# Exploring Object Detection Performance with FiftyOne

In this notebook we compare the performance of a pretrained [RetinaNet](https://arxiv.org/abs/1708.02002) and a pretrained [Faster-RCNN model](https://arxiv.org/abs/1506.01497) on the [COCO 2017 validation set](https://cocodataset.org/#home), through the open source [FiftyOne](https://github.com/voxel51/fiftyone) SDK and visualization app.

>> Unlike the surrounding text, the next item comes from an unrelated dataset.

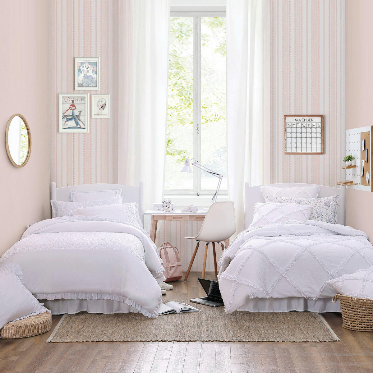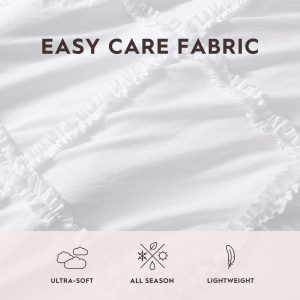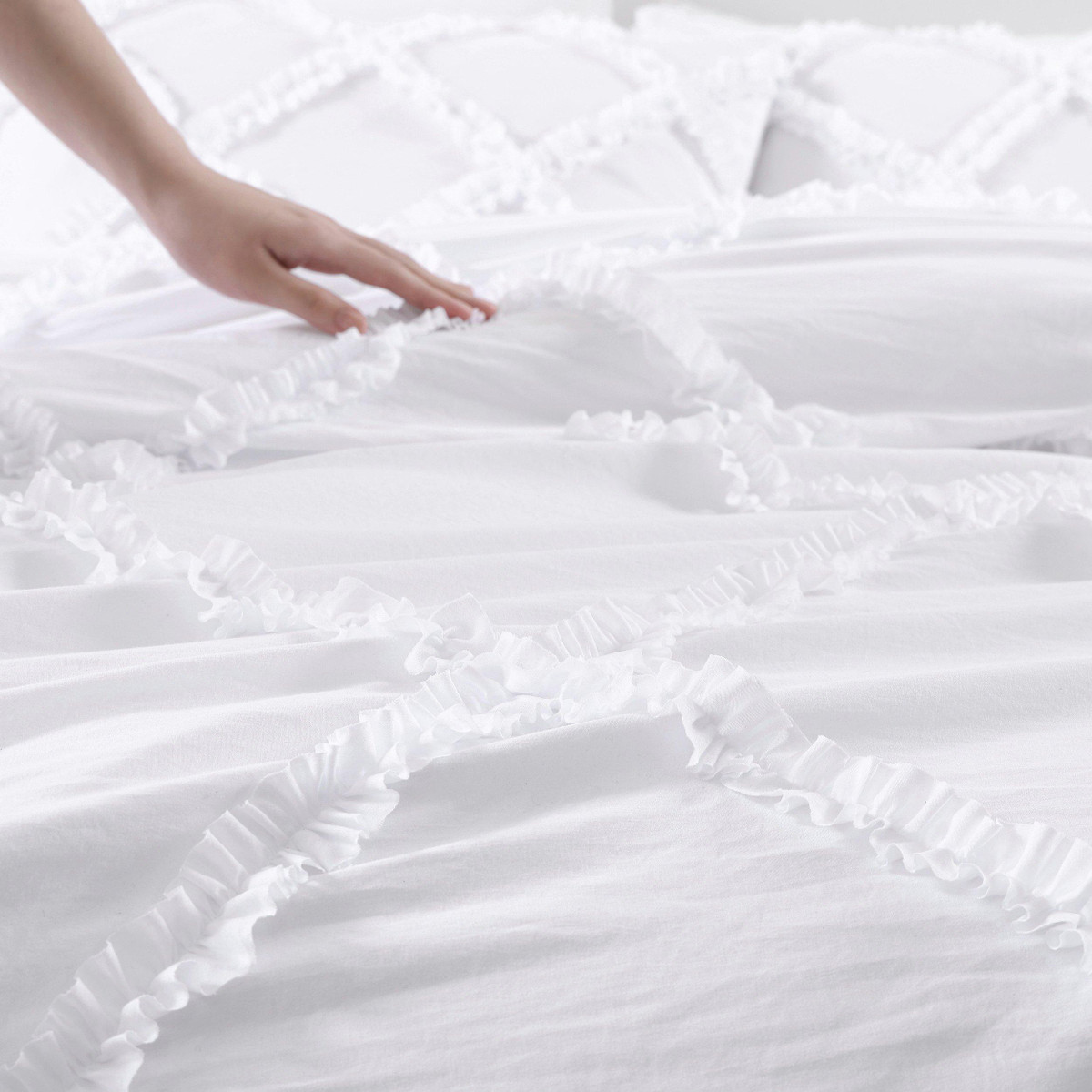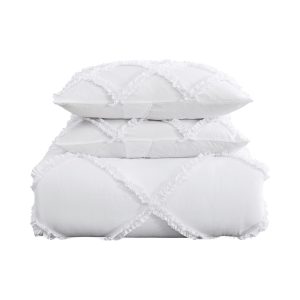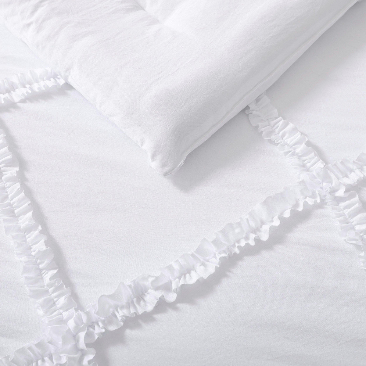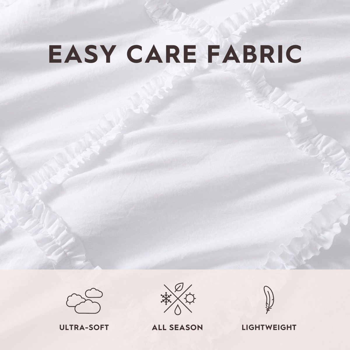 The Laura Ashley Norah Comforter & Sham Set exudes timeless elegance with romantic ruffles arranged in a diamond heirloom pattern. Crafted in soft, solid white microfiber, it offers a serene and versatile foundation for any bedroom. Lightweight and machine washable, it blends classic charm with effortless care, perfect for refined, layered styling.

It covers the following concepts:

- Loading a dataset with ground truth labels [into FiftyOne](https://voxel51.com/docs/fiftyone/user_guide/dataset_creation/index.html)
- [Adding model predictions](https://voxel51.com/docs/fiftyone/recipes/adding_detections.html) to your dataset
- [Evaluating your model](https://voxel51.com/docs/fiftyone/user_guide/evaluation.html#detections) using FiftyOne's evaluation API
- Viewing the best and worst performing samples in your dataset

## Brief technical background

There is a big variety of object detection algorithms out there. Among those based on the filtering of region proposals (aka anchor boxes), there are two main families:

* Single shot detectors (SSDs) like RetinaNet and YOLO
* Two stage detectors like Faster R-CNN

Two stage detectors filter out candidate region proposals before producing output detections. Single shot detectors evaluate all region proposals at once.
SSDs have the reputation of being faster, while two stage detectors seem to work better on small objects. We will put this last statement to the test in this example.

**What's the takeaway?**

Aggregate measures of performance like [mean Average Precision](https://kili-technology.com/data-labeling/machine-learning/mean-average-precision-map-a-complete-guide) don't give us the full picture of your detection model. In practice, the limiting factor on your model's performance is often data quality issues that we need to **see** to address. FiftyOne is designed to make it easy to do just that.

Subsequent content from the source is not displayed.